Wednesday, November 19, 2008

Remembrance of the Daleks - 17 November 2008

Jasmine Breaks, who spoke the immortal line, "You were born to serve the Daleks"

We went back but not too far this week. The Doctor #7 and Ace adventure takes us back to where it all started in 1963 - Coal Hill School and 76 Totter's Lane. The Doctor has left something there and is going back for it.

The Hand of Omega.

Jacob Klein and I were joined by David Register for a good time. The characterization of the Doctor by Sylvester McCoy is one of my favorites, as he is both silly and zany while at the same time being dark and mysterious. Ace meets a handsome guy, but looks can be deceiving. Both Jacob and David got to see an earlier version of Davros as well. And how can you go wrong with a cosmically charged aluminium baseball bat as a weapon?

Hooray for Jasmine Breaks, who not only uttered the line above, but also while playing hopscotch, said eerily, "5-6-7-8, it's the Doctor at the gate."

Wednesday, November 12, 2008

Dragonfire 10 November 2008

Dragonfire team: Ace, the Doctor, Sabalom Glitz and Mel

It was time to dip back into DW history a bit. Jacob was curious about other Doctors, and so we decided to have a look at Sylvester McCoy, Doctor #7. Of course, with Sylvester comes one of the most dynamic figures in that era, Sophie Aldred in the role of Ace.

Ace was a street kind from Thatcher-era UK who was doing an explosive experiment and was carried away by a time storm. She ended up in the other end of the universe in a place called Iceworld. Ace is there as a waitress (she was working in a fast food restaurant back on Earth) but longs to get away and see the universe.

Ace, Mel and the Doctor meet the sinister Kane, a super-cold being that can live only a low temperatures and is being held prisoner on Iceworld. Sabalom Glitz, a returning figure from the days of Doctor #6 is also there.

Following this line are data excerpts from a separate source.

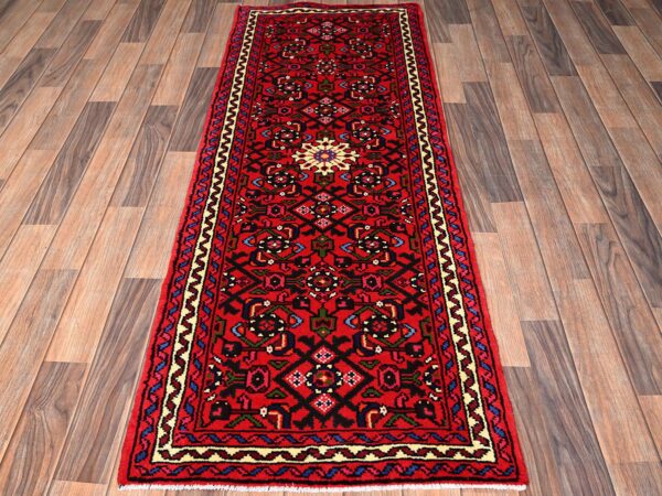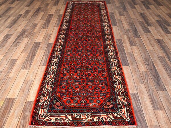 2’10″x9’5″ Chili Red, New Persian Hussainabad with All Over Design, Full Pile and Soft, Hand Knotted, Pure Wool, Runner, Oriental Rug HR1892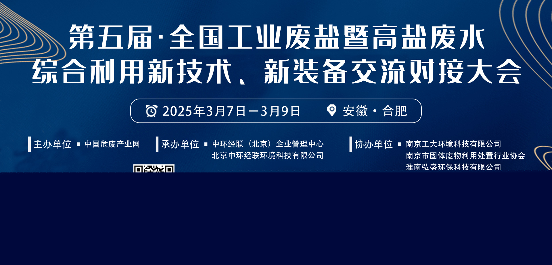 • 【3月·合肥】第五屆·全國工業廢鹽暨高鹽廢水綜合利用新技術、新裝備交流對接大會重磅開啟!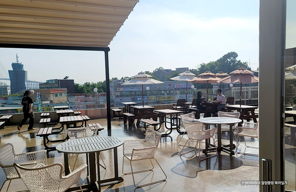 3층의 야외 테라스는 햇빛이 강하게 드리우는 좌석만 비어 있었어요. ㅠ.ㅠ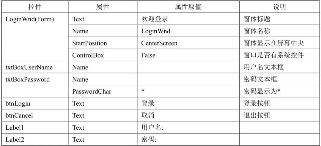 “用户登录”窗体中放置2个文本框(TextBox),用来输入用户名和密码;2个按钮(Button)用来进入和退出系统;3个标签(Label)用来显示窗体的信息。这些控件的属性设置见表4。
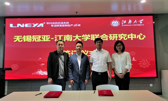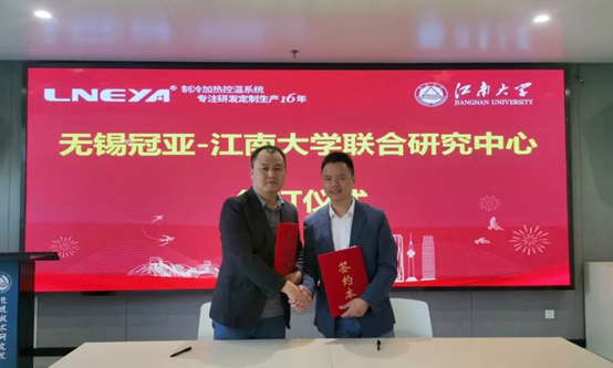 颜厥枝介绍,自2010年成立至今,无锡冠亚深耕制冷控温细分领域多年,是国内该领域的隐形冠军,近年来连续获得江苏省高新技术企业、苏南瞪羚企业、江苏省工程研究中心等荣誉资质,公司在单机复叠制冷、高低温快速升降温、反应釜单一介质控温核心等技术研发方面处于行业领先水平。公司产品在航空航天、芯片半导体、新能源汽车、化工医药等多个领域得到广泛应用,是美国康宁、宁德时代、长川科技等行业巨头的优秀供应商。无锡冠亚历来重视技术研发和人才队伍建设,未来五年是冠亚发展壮大的关键时期,面对复杂的国际环境和激烈的市场竞争,急需引智聚才。本次研究中心的建立,为冠亚注入了强大的创新力量,通过校企联合开展前沿科技研究,立足现有技术基础,围绕双方科技攻坚方向,争取早日结出实质性成果。同时,通过共建研究中心,为江南大学的相关科技成果转化落地创造便利条件,为高质量人才培养提供良好的实践环境,反哺学校的教科研工作,实现校企共赢发展。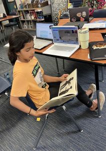 Sixth Grade Literacy Skills class is strategically designed to ensure that every sixth grader is fully prepared for the rigors of middle school and beyond. The course provides reading instruction that compliments what students are learning in English class. True to the core philosophy of the department, all Skills lessons and projects are differentiated for various levels of reading–the assignments “don’t have tops to them.” As one teacher put it, “We aim high and provide scaffolding as needed.”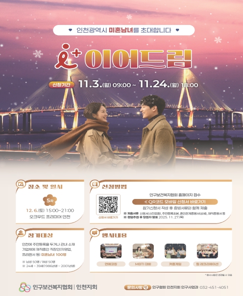 시현정 시 여성가족국장은 “연말을 앞두고 많은 인천 청년들이 참여해 소중한 인연을 맺는 활기찬 만남의 장이 되길 기대한다”라고 말했다.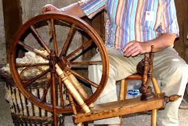 A spinning wheel is a large mechanical machine that twists cotton or wool fibers into yarn.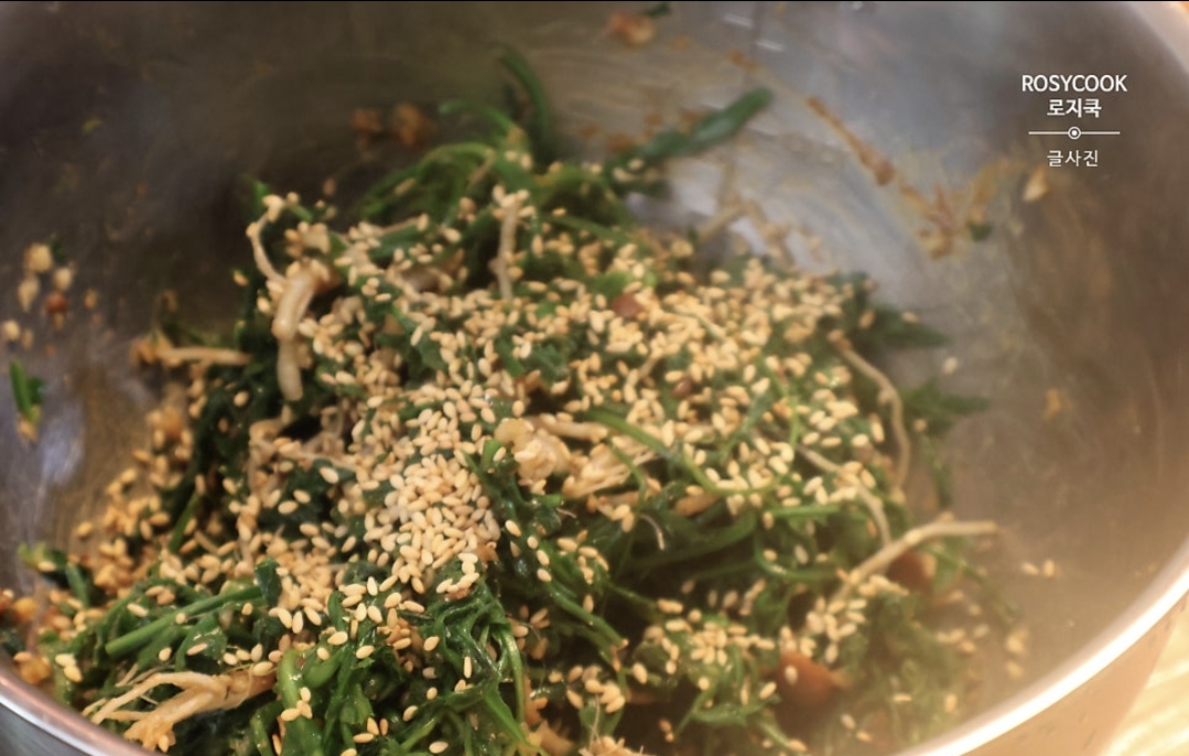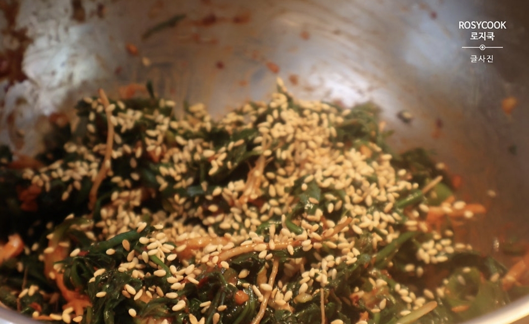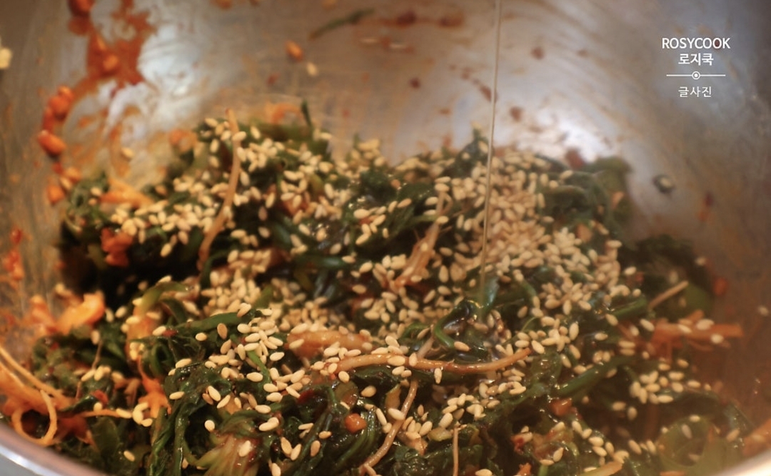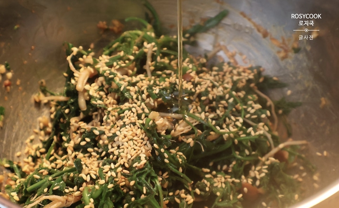 10. 깨를 전체적으로 뿌려주시고 참기름을 둘러준 후 다시 한번 더 조물조물 무쳐 마무리합니다.

There is a treasure, a dragon, a mystery and a secret plot. Of course. The planet also seems to be preoccupied by questions of metaphysical philosophy. What a strange combination of elements!

It was good. I love this episode, except for the occasional failed physical humor, but it all fits together well.

Monday, November 10, 2008

The Enemy Within 3 November 2008

Back home from South Amrica and I am ready fo Doctor Who Theater! This week we decided to change up the mood and watch a very important episode -- the one where Fox actually makes Doctor Who, where it occurs on American television, where Paul McGann becomes the Doctor, where it is the most videotaped program of the year, but it still fails to spark a new series contract. Paul McGann did a great job, but Fox wasn't buying. Instead they went with Sliders, a program that went nowhere.

It came at a great time for Doctor Who Theater back in the mid-1990s when it aired. People were very excited, and with the theme playing and the TARDIS whirling down the time vortex toward me in the opening, it was one of he happiest moments for me in that decade. It was warm weather, and when a clock chimed nine in the show the main church clock across the street from me chimed nine at the same moment -- really uncanny. I remember Cleopatra screaming and people gasping when it played.

Jacob and I took it a bit differently this time, but it was way fun nevertheless. It has some of the best lines from Doctor Who history as well as some of the worst ("Great, I finally find the right guy and he's from another planet"). We get our first real Doctor Who kiss, paving the way for future kisses that will not upset us quite as much. Paul McGann's Doctor became a mainstay in a huge number of books published after this program aired. In those books he grew and developed and became one of my true favorites.

This episode kept the DW love alive until it could burst back into existence in 2004. That is what is important about it. We celebrated that, for sure.